Чудовище

Автор: Зиновьева-Аннибал Лидия Дмитриевна

  

Л. Д. Зиновьева-Аннибал

  

Чудовище

  

   Зиновьева-Аннибал Л. Д. Трагический зверинец.

   Томск: Издательство «Водолей», 1997.

Посвящается Константину Александровичу Сюннербергу

   Весною сачком в болоте я поймала чудовище.

   Оно попалось не одно. Я принесла его домой в ведерочке, весь улов свой перелила в банку из-под варенья, и поставила банку на круглый столик у окна своей комнаты.

   Там, если глядеть сквозь мутную воду на свет, проявлялся целый болотный мирок.

   Какие-то живчики-вертушки, тонкие, почти прозрачные, с головками и усиками, лихо кувыркались. Шершавые палочки, как обломочки тоненьких сучков, раскачиваясь, передвигались, и вдруг из одного их конца высовывалась мохнатая головка. Змейка острыми изломами резала муть, то собирая тельце в розовый комочек, то растягивая его в тоненькую нить.

   И еще много смутных и невероятных личинок, едва просыпающихся к жизни, и которых я плохо упомнила, колебались меж травинками на дне моей банки.

   И лежала густыми гроздьями студенистая лягушечья икра. В каждой мутно-зеленоватой ягодке черное зернышко — зародыш.

   Вскоре стали расти черные зернышки и куда-то стаивать студень ягодок. И вдруг я увидела, что у каждого зернышка выросло по хвостику.

   Часто я подходила к своей болотной банке, следила болотную жизнь, ждала: вот-вот увижу его, вот-вот начнется. Но ничего не замечалось неладного. Я же все ждала нового появления чудовища.

   Я видела его только на одно мгновение тогда, в то утро, когда в приподнятом над водою, но еще не вполне вытянутом сачке вдруг просветил болотную муть солнечный луч, и оно всплыло вверх и снова утопилось в тени.

   Не привиделось ли оно мне так ясно, как и во сне не бывает, а только на самом настоящем яву: желто-бурое, жесткое тельце, все из плоских звеньев, сильный хвост-рулик, и из головы две клешни, огромные, крепкие, круглые, с острыми соединенными концами? Все это разглядела в солнечное мгновение и несмотря на то, что ростом чудовище было не длиннее одной четверти моего десятилетнего мизинца.

   Дня три или больше оно таилось, и наконец я перестала почти верить в его улов. Верно, прорвался где-нибудь сачок, или околело в банке. И мне становилось скучно…

   Я желала увидеть чудовище.
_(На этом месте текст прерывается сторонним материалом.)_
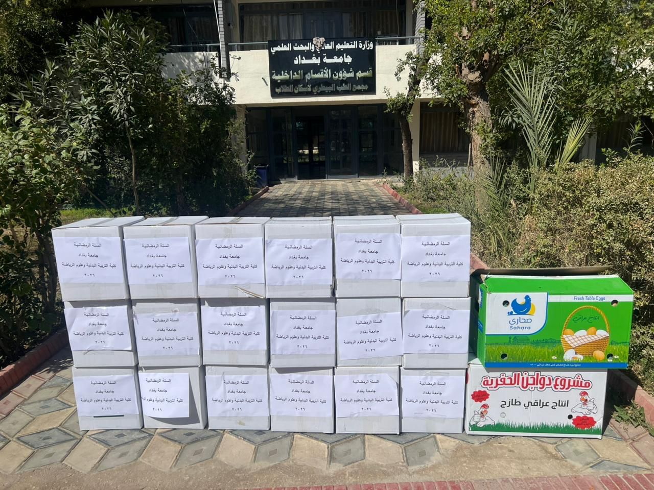 ضمن نهجها الإنساني المتواصل، وبرعاية مباشرة من الأستاذ الدكتور صباح قاسم خلف عميد كلية التربية البدنية وعلوم الرياضة في جامعة بغداد، واصلت اللجنة العليا لخدمة المجتمع والأعمال التطوعية تنفيذ المرحلة الثانية من حملة (سلة رمضان) والتي خُصصت هذه المرة لدعم طلبة الأقسام الداخلية في الكلية.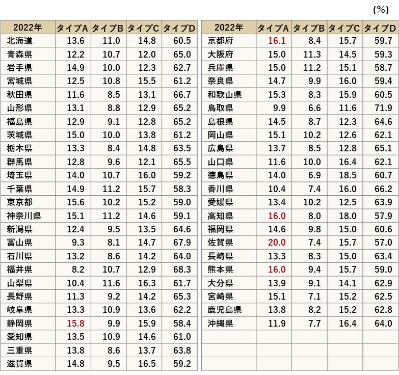 都道府県別で見ると、タイプAが多いのは、佐賀県20.0%、京都府16.1%、高知県16.0%、熊本県16.0%、静岡県15.8%の順となっており、少ないのが、福井県8.2%、富山県9.3%、鳥取県9.9%、香川県10.4%、山梨県10.4%となっている。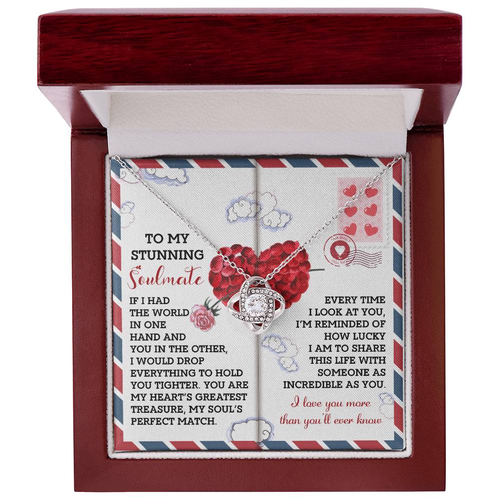 "TO MY STUNNING Soulmate IF I HAD THE WORLD IN ONE HAND AND YOU IN THE OTHER, I WOULD DROP EVERYTHING TO HOLD YOU TIGHTER. YOU ARE MY HEART'S GREATEST TREASURE, MY SOUL'S PERFECT MATCH. EVERY TIME I LOOK AT YOU, I'M REMINDED OF HOW LUCKY I AM TO SHARE THIS LIFE WITH SOMEONE AS INCREDIBLE AS YOU. I love you more than you'll ever know"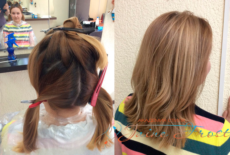 Мы с клиенткой выбрали очень нежный ,теплый вариант окрашивания, как и в прошлый раз.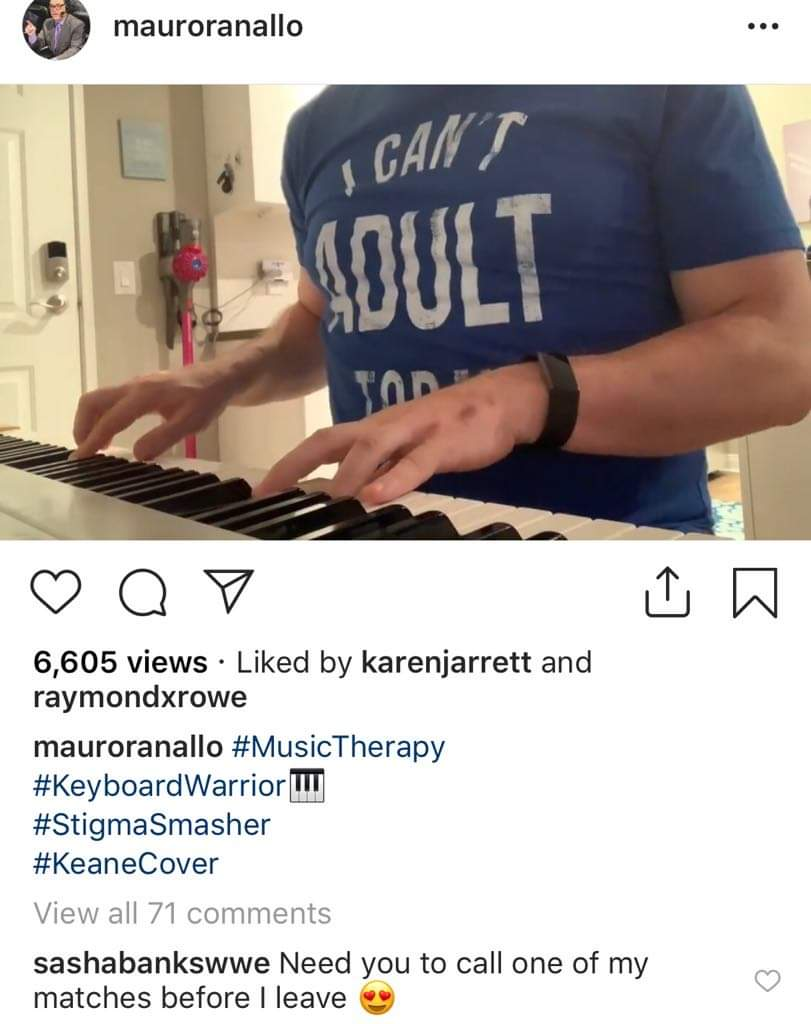 WWE NXT Commentator Mauro Ranallo posted a video on his instagram account showing of his piano playing skills, which brought out a very unexpected and interesting comment from Sasha Banks. Sasha wrote: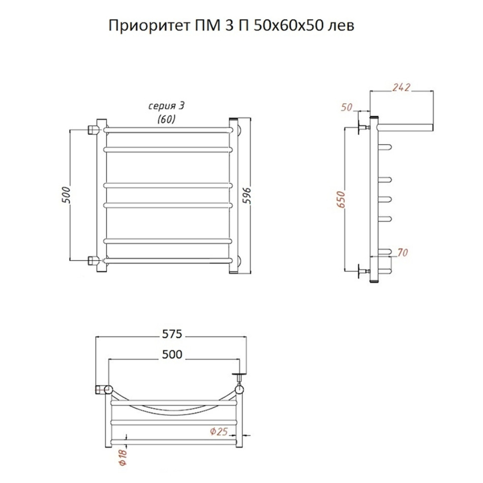 Полотенцесушитель Тругор Приоритет ПМ 3 П 50*60*50 (ЛЦ2) левый, ширина 50 см, высота 60 см, боковое подключение 50 см, с полкой, хром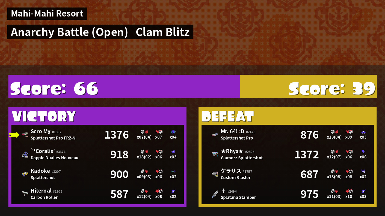 | Mode | Clam Blitz - Anarchy Battle (Open) |
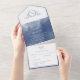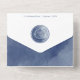 Élégant tout-en-un tri-plié avec carte postale RSVP perforée. Conception avec des détails de lavage marine et bleu aquarelle et un monogramme botanique délicat dessiné à la main avec initiales de couple. Eléments calligraphiques écrits à la main modernes. Respectueux de l'environnement, puisqu'il n'est pas nécessaire d'insérer des cartes supplémentaires, des cartes RSVP ou même des enveloppes, cette invitation a tout ! Possibilité d'ajouter à la fois les détails de la cérémonie et de la réception des Mariages, ainsi que la carte postale RSVP prêt à être rempli et envoyé par la poste! Option pour commander des invitations avec un nom d'invité imprimé (ou écrit à la main plus tard) au dos afin que vous puissiez envoyer une carte sans besoin d'aucune enveloppe, - OU - si vous préférez utiliser une enveloppe, effacez simplement le nom d'invité et les caractères d'adresse des zones de texte pour supprimer, ou ajoutez un devis à la place. Extérieur rsvp retour avec beau arrière - plan marine et bleu teintes aquarelle couleur. Un design attrayant pour le couple élégant, mais pratique et respectueux de l'environnement! Une partie de notre collection "Marine Watercolor Botanical Monogram Mariage" avec une variété de produits de coordination disponibles, y compris des accessoires d'expédition et des produits d'événements. Visitez la collection entière avec ce lien : https://www.zazzle.com/collections/navy_watercolor_botanical_monogram_wedding-119781162008756698

И я увидела его, конечно.

   Оно всплыло однажды из-за гущи лягушачьей икры совсем неожиданно, так что я вскрикнула резко:

   — Вот оно!

   Вздрогнувшая воспитательница спросила сурово:

   — Кто?.. Пугаешь.

   Я молчала. Мне почему-то никогда не хотелось говорить о чудовище.

   — Чему ты обрадовалась?

   Разве я обрадовалась? Я не знала, что обрадовалась, и глядела вновь на гадкое, плоское, в звеньях, клещатое тельце, плывшее медленно, со зловещею уверенностью, и верно направляя себя сильным, заостренным хвостом.

   — Я не обрадовалась,— ответила я, наконец, решительно.

   — Так что же так вскрикнула?

   — Нашла чудовище.

   Воспитательница смеялась теперь своим снисходительным, невеселым смешком и шла ко мне.

   Рядом мы стояли перед банкой и разглядывали его.

   Оно мне было противно, и вместе с тем этот страх и отвращение притягивали меня к нему.

   — Вот гадкая личинка! — сказала после долгого молчания воспитательница. — Выбрось ее. Она наделает здесь много зла.

   Но я не выбросила, и оно снова скрылось.

   Лягушачий студень таял не по дням, а по часам, и, вместо невнятных зернышек, возле широких, прозрачно-серых и, по моему мнению, очень нарядных хвостиков, выяснились черные толстые головки, бесспорно некрасивые и неуклюжие.

   Это народились головастики и выплыли на волю, вялые, добрые, мягкие насквозь, и смешно медлительные, несмотря на усердие широких, нарядных, машущих хвостиков. Доверчиво и бестолково они толкали друг друга своими неуклюжими головищами и зацеплялись кисейными хвостами.

   Я их любила с нежностью.

   Они росли невинно, питались невинно, и чем и как — я не знала.

   В них мне чувствовалось родное. Я им завидовала, я их презирала, я их любила с нежностью, да, их глупые, жирные головы, в которых, конечно, где-то были запрятаны спины и животы, и их нарядные, уж слишком нежные хвосты.

   И росли не по дням, а по часам.

   Затерялось желто-бурое чудовище за черною, жирною ратью.

   Только странно было: толстели и вырастали мои головастики, но редело непонятно их стадо.

   И вот в третий раз я его увидела, и сначала не поняла.

   Уже с треть моего мизинца, оно казалось огромным. Плоское, жесткое тело выгнуло звенчатую спину круто вверх, опустило книзу колом свой сильный хвост, и, полощась о тот жесткий хвост, обвивался другой хвост, и нежная кисея его раздиралась лохмотьями.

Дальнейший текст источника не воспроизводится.